Vice President Kamala Harris is set to uphold the Biden administration’s firm position on cryptocurrency regulation. She is collaborating with Brian Deese and Bharat Ramamurti, two former economic advisers known for their strong opposition to the recently proposed Clarity for Payment Stablecoins Act of 2023. This act was criticized for being overly lenient towards cryptocurrency issuers, suggesting that the Biden administration remains aligned against crypto facilitation.
The choice of Deese and Ramamurti as her key economic advisers may reflect Harris’s intent to sustain a critical regulatory stance on cryptocurrencies. As she prepares to outline her economic policy agenda in an upcoming speech, investors are keenly watching for insights into her strategy concerning cryptocurrency.
Recent events within the US banking sector have raised questions about potential coordinated actions against the crypto industry. In March 2023, the sudden collapses of Silicon Valley Bank, Silvergate Bank, and the forced closure of Signature Bank were interpreted by some as part of a broader initiative termed “Operation Chokepoint 2.0.” This phrase was coined by a crypto venture capitalist, who argued that these actions represented a collective effort to push the crypto sector out of traditional banking channels.
Deese and Ramamurti have been implicated in these developments, reinforcing concerns about the government’s relationship with digital assets.
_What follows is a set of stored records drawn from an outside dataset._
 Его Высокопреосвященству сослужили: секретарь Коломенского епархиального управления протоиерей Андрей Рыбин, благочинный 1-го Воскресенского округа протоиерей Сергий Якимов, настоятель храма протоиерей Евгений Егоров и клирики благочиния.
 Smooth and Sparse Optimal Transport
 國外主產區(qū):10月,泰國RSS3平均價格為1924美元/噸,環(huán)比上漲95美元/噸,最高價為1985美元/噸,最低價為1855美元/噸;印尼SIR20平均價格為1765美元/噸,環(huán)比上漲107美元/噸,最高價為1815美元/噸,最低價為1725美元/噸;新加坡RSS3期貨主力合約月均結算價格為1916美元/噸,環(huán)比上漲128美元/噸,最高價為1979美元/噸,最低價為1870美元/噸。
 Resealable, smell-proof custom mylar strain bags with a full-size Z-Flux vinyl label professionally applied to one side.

Ramamurti, recognized for his critical views on cryptocurrency during his tenure at the National Economic Council until October 2023, further solidifies the notion that Harris’s administration may not ease its regulatory grip on the crypto market.
This announcement comes shortly after Harris named Minnesota Governor Tim Walz as her running mate for the 2024 presidential election, setting the stage for a potentially significant economic policy direction focused on stringent crypto regulation.